Let be $X_n$ countably compact and first countable for every $n\in \mathbb{N}$. Then $\displaystyle\prod_{n\in\mathbb{N}}X_n$ is countably compact.
I have proved some equivalences.
- A space $X$ is countably compact if and only if every sequence has a cluster (accumulation) point.
- Therefore, every space sequentially compact is countably compact.
- Particularly, if $X$ is first countable, $X$ is countably compact if and only if $X$ is sequentially compact.
I don't know if this could be useful by the way.
If we take a sequence $\{(x_1^k,x_2^k,...)\}_{k\in\mathbb{N}}\subseteq \displaystyle\prod_{n\in\mathbb{N}}X_n$, I would know every projection sequence has a convergent subsequence. But I don't think we can construct a convergent subsequence of $\{(x_1^k,x_2^k,...)\}_{k\in\mathbb{N}}$ from here.
Any hint?
You actually can do it that way, with a bit of trickery. Let $\sigma=\langle x^{(n)}:n\in\Bbb N\rangle$ be a sequence in the product. where $x^{(n)}=\langle x_k^{(n)}:k\in\Bbb N\rangle$. There are an infinite $N_0\subseteq\Bbb N$ and an $x_0\in X_0$ such that the sequence $\langle x_0^{(n)}:n\in N_0\rangle$ converges to $x_0$ in $X_0$. Suppose that $m\in\Bbb N$, $N_n$ is an infinite subset of $\Bbb N$, and $\langle x_m^{(n)}:n\in N_m\rangle$ converges to some $x_m\in X_m$; then there are an infinite $N_{m+1}\subseteq N_m$ and an $x_{m+1}\in X_{m+1}$ such that $\langle x_{m+1}^{(n)}:n\in N_{m+1}\rangle$ converges to $x_{m+1}$ in $X_{m+1}$. In this way we can recursively choose infinite subsets $N_k\subseteq\Bbb N$ and points $x_k\in X_k$ such that for each $k\in\Bbb N$, $N_{k+1}\subseteq N_k$ and $\langle x_k^{(n)}:n\in N_k\rangle$ converges to $x_k$.

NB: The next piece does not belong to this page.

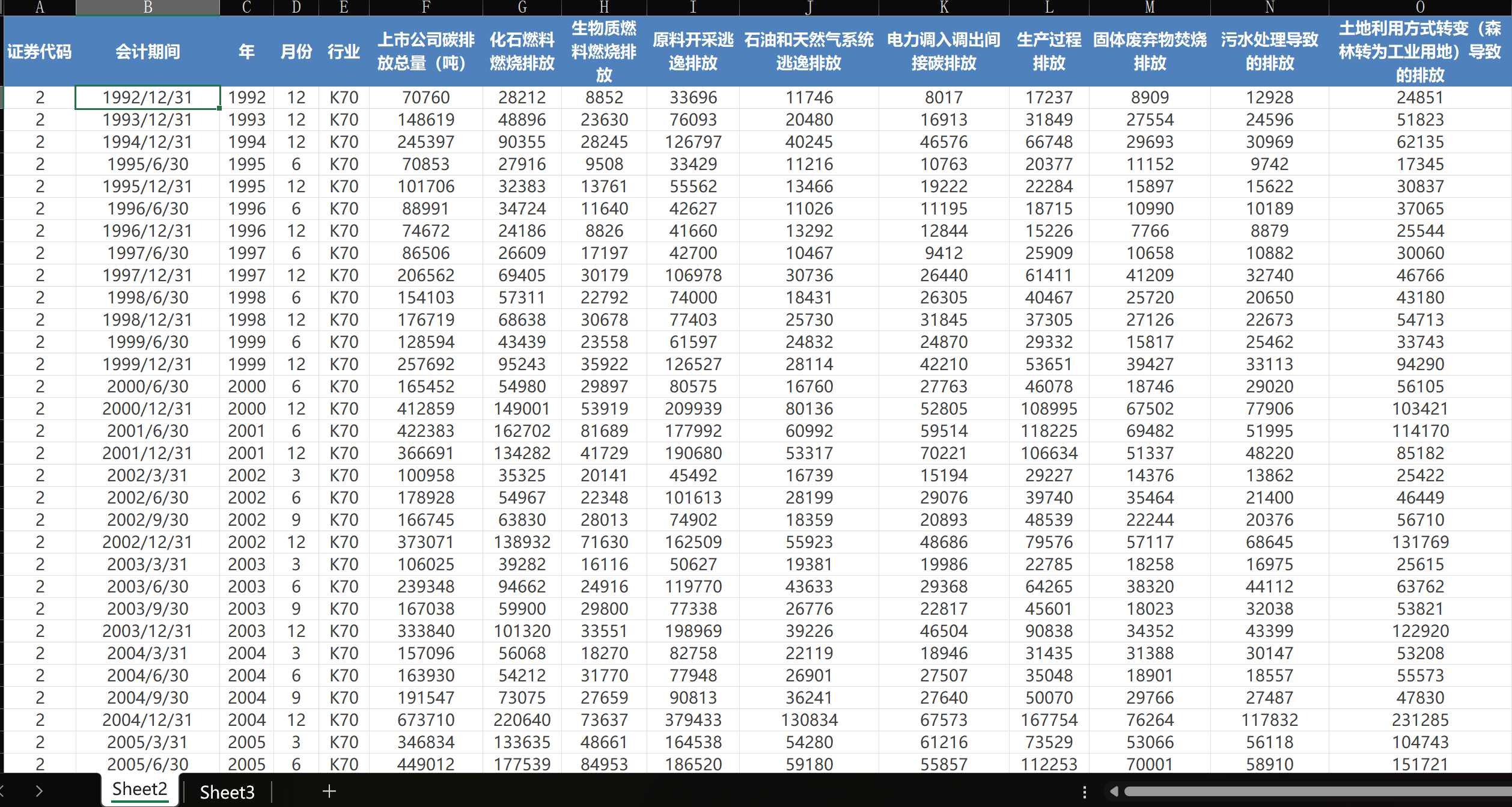 数据说明:具体包括证券代码、会计期间、年、月、行业、上市公司碳排放总量、化石燃料燃烧排放、生物质燃料燃烧排放、原料开采逃逸燃烧排放、石油和天然气系统逃逸排放、电力调入调出间接碳排放、生产过程排放、固体废弃物焚烧排放、污水处理导致的排放、土地利用方式转变导致的排放

Let $x=\langle x_k:k\in\Bbb N\rangle$; we want to find a subsequence of $\sigma$ converging to $x$. Let $n_0=\min N_0$. Given $n_k\in N_k$, let $n_{k+1}=\min(N_{k+1}\setminus\{n_k\})$. You can easily verify that $\langle n_k:k\in\Bbb N\rangle$ is strictly increasing, so that $\sigma'=\langle x^{(n_k)}:k\in\Bbb N\rangle$ is a subsequence of $\sigma$. I’ll leave it to you to verify that $\sigma'$ converges to $x$; use the facts that any basic open nbhd of $x$ in the product restricts only finitely many coordinates, and that $n_k\in\bigcap_{\ell\le k}N_\ell$ for each $k\in\Bbb N$. Leave a question if you get stuck.